[Start of Attachment]
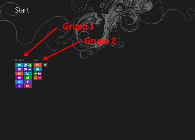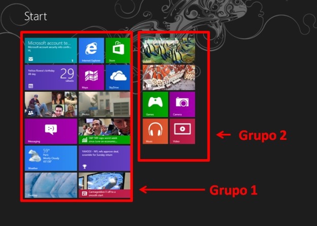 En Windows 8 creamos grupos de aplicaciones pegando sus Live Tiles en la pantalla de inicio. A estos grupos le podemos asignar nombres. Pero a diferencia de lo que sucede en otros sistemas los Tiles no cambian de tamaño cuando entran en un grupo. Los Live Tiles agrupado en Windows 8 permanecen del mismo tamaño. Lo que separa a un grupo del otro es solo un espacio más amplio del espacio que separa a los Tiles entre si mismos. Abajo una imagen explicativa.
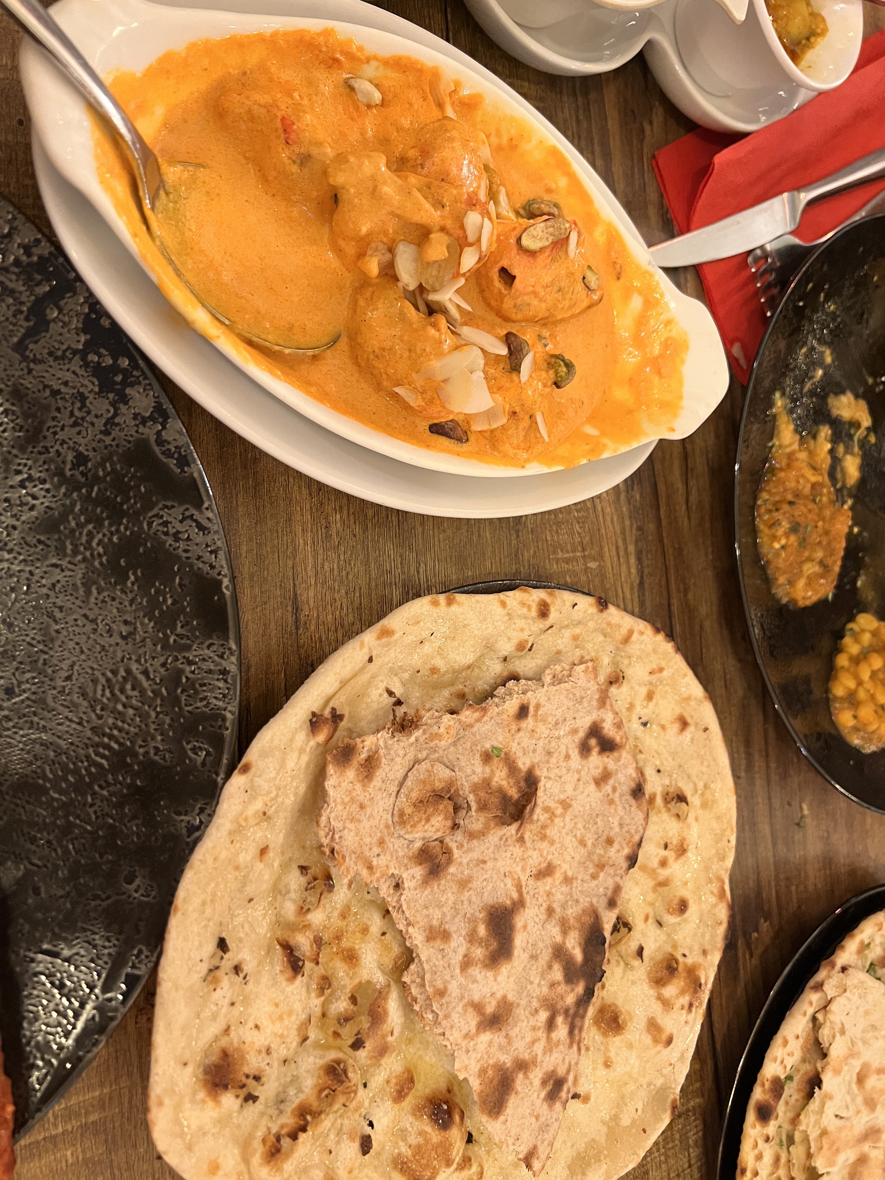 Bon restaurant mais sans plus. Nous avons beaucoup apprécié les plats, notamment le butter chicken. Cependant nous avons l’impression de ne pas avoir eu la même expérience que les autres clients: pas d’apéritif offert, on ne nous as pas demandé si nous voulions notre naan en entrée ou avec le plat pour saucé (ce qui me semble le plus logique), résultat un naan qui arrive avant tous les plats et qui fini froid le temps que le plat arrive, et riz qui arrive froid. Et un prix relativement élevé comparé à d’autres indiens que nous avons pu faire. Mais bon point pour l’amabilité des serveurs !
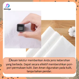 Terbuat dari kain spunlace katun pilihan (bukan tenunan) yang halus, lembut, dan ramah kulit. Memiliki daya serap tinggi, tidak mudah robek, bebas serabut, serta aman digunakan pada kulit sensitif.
[End of Attachment]
**Action item**:
Please transcribe the material above exactly as written. Leave the pictures out.

**Task output**:
 En Windows 8 creamos grupos de aplicaciones pegando sus Live Tiles en la pantalla de inicio. A estos grupos le podemos asignar nombres. Pero a diferencia de lo que sucede en otros sistemas los Tiles no cambian de tamaño cuando entran en un grupo. Los Live Tiles agrupado en Windows 8 permanecen del mismo tamaño. Lo que separa a un grupo del otro es solo un espacio más amplio del espacio que separa a los Tiles entre si mismos. Abajo una imagen explicativa.
 Bon restaurant mais sans plus. Nous avons beaucoup apprécié les plats, notamment le butter chicken. Cependant nous avons l’impression de ne pas avoir eu la même expérience que les autres clients: pas d’apéritif offert, on ne nous as pas demandé si nous voulions notre naan en entrée ou avec le plat pour saucé (ce qui me semble le plus logique), résultat un naan qui arrive avant tous les plats et qui fini froid le temps que le plat arrive, et riz qui arrive froid. Et un prix relativement élevé comparé à d’autres indiens que nous avons pu faire. Mais bon point pour l’amabilité des serveurs !
 Terbuat dari kain spunlace katun pilihan (bukan tenunan) yang halus, lembut, dan ramah kulit. Memiliki daya serap tinggi, tidak mudah robek, bebas serabut, serta aman digunakan pada kulit sensitif.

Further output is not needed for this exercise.